• Friday, May 10, 2024
businessday logo

BusinessDay

Ukraine accuses Russia of killing unarmed citizens

Putin cancels plans to storm Mariupol steel plant

Ukraine has accused Russian soldiers of killing unarmed civilians after large numbers of dead bodies were reported to have been found in areas near Kyiv after it was retaken by Ukrainian forces.

Dead bodies were found on the streets and claims of mass graves were reported in the city of Bucha after Putin’s forces retreated.

Emine Dzheppar, Ukraine’s deputy foreign minister, indicated that soldiers who had retaken Bucha, a small city 60km north-west of the capital, from Russian forces, had reported “numerous civilians shot dead”.

“Some of the victims have their hands tied. Innocent victims. They didn’t deserve that,” she said.

“In the nearby village of Motyzhyn Russian soldiers also “did terrible things.

Read also: Russia, Ukraine agree to ceasefire in Mariupol so residents can leave

“Their cruelty is limitless. Before Ukrainian troops arrived, Russian army killed as many civilians as possible. Inhuman. Terrible. Speechless,” she added.

Mykhailo Podolyak, a senior adviser to Ukrainian president Volodymyr Zelensky, posted an image on Twitter appearing to show multiple dead bodies on the streets of Bucha. Some of the victims appeared to have their hands tied behind their backs.

Liz Truss, British foreign secretary, said the UK was collecting evidence of war crimes, adding that she was “appalled by atrocities in Bucha and other towns in Ukraine”.

“Reports of Russian forces targeting innocent civilians are abhorrent,” Truss wrote on Twitter. “The UK is working with others to collect evidence and support the International Criminal Court war crimes investigation.
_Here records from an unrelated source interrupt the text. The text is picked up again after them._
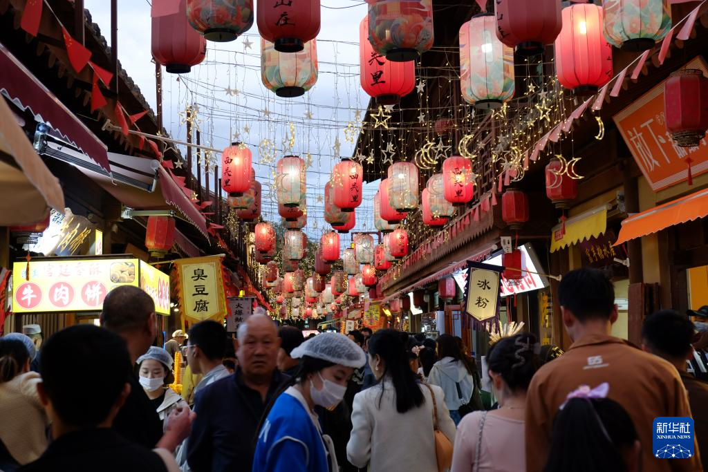 5月1日,游客在甘肃省天水市秦州区天水古城游览。新华社记者 王紫轩 摄
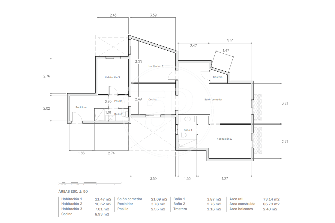 El pis consta de tres habitacions. La suite principal, exterior, compta amb un balcó que proporciona una vista encantadora i molta llum natural. Aquesta habitació inclou un bany privat amb una luxosa dutxa de cascada. A més, hi ha una habitació doble i una habitació individual, perfectes per a acomodar a una família o per a utilitzar-les com a espai de treball o estudi. El segon bany, compartit, està dissenyat amb un estil contemporani i funcional.
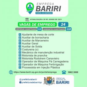 Para mais informações, acesse o “Emprega Bariri” no link https://www.bariri.sp.gov.br/portal/emprega.

Those responsible will be held to account.”

Associated Press journalists in Bucha quoted local residents as saying the dead were civilians who had been killed by Russian soldiers without provocation. There was no immediate response from the Kremlin or Russian defence ministry.

Agence France-Presse reporters in the city said they saw at least 20 bodies on a single street.

Anatoly Fedoruk, mayor of Bucha, told AFP that 280 other bodies had already been buried in mass graves in the town.

The reports came as Ukrainian forces claimed they had regained control of the entire Kyiv region, including Bucha and other nearby towns and cities. Hanna Maliar, the country’s deputy defence minister, said late Saturday that Ukraine’s armed forces had taken back control of the provincial area from Russian forces.

Read also: Russian-Ukraine war: FG engages British firm to revive Ajaokuta Steel

“Irpin, Bucha, Hostomel and the whole Kyiv region were liberated from the invader,” she said in a Facebook post, referring to suburban towns north of the capital city.

Earlier on Saturday, the former chief prosecutor of United Nations war crimes tribunals Carla Del Ponte called for an international arrest warrant for Vladimir Putin, telling Swiss media that the Russian president was a “war criminal”.

“I hoped never to see mass graves again,” she told the Blick newspaper. “These dead people have loved ones who don’t even know what’s become of them. That is unacceptable.”

“Every serious media outlet in the west tomorrow morning needs to ask what Scholz, Macron, Orban and Biden et al. have to say about the Bucha massacre,” Toomas Hendrik Ilves, the former president of Estonia, said on Twitter. “And what they are going to do about it.”

Russia has pulled back its troops from around Kyiv in recent days after failing to breach Ukrainian defences.

The New York Times reported late Friday that the US would work with its western allies to deliver Soviet-era tanks to the Ukrainian forces in the Donbas.